- [Entries shown]:
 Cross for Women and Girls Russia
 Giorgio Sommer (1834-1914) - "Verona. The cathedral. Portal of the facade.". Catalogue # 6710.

---

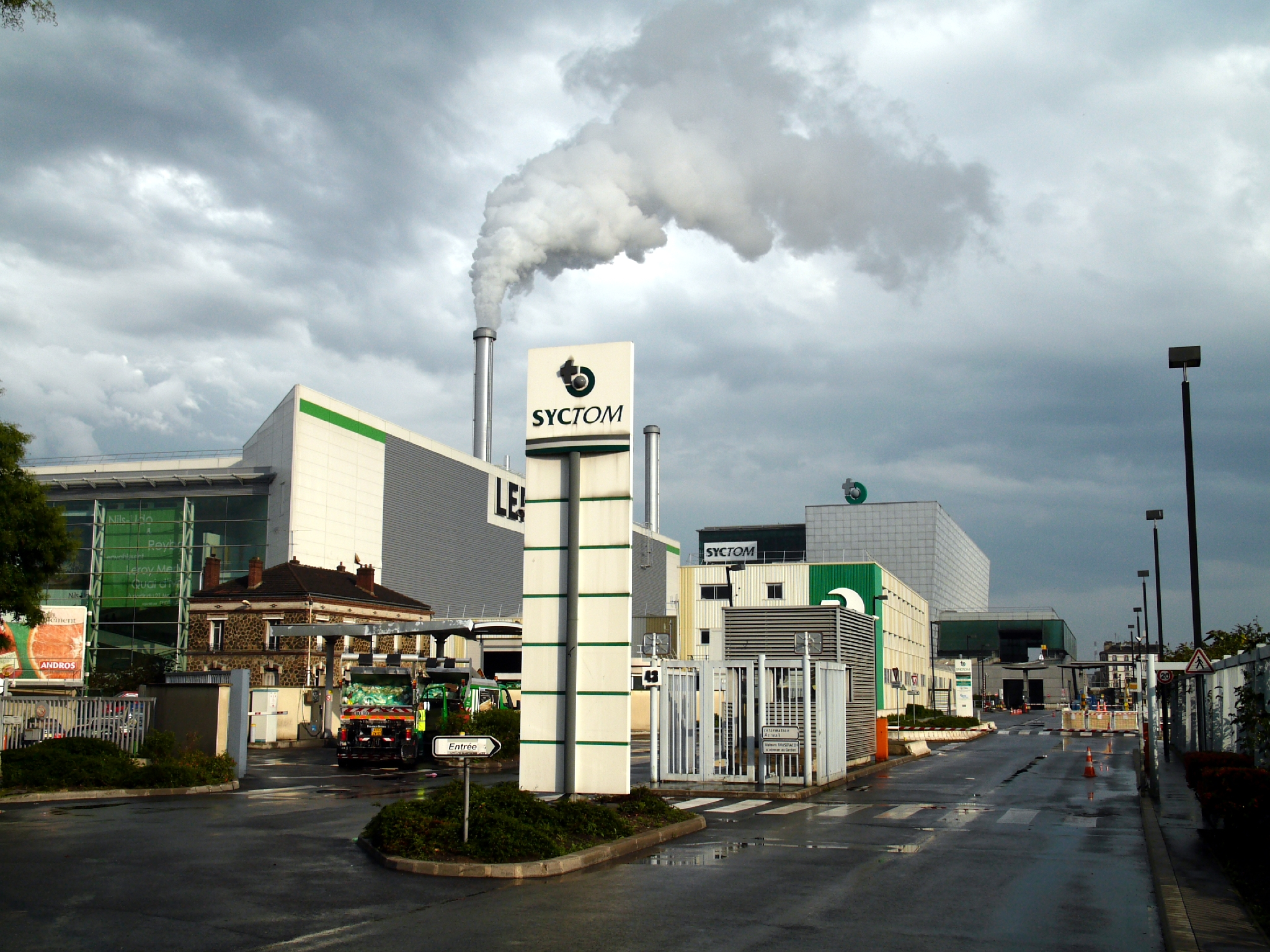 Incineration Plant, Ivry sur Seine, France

- [Assigned task]: Set down only the lines above that fall between the line holding "Cross for Women and Girls Russia" and the line holding "Giorgio Sommer (1834-1914)", inclusive, keeping each exact.

- [Your response]:
 Cross for Women and Girls Russia
 Giorgio Sommer (1834-1914) - "Verona. The cathedral. Portal of the facade.". Catalogue # 6710.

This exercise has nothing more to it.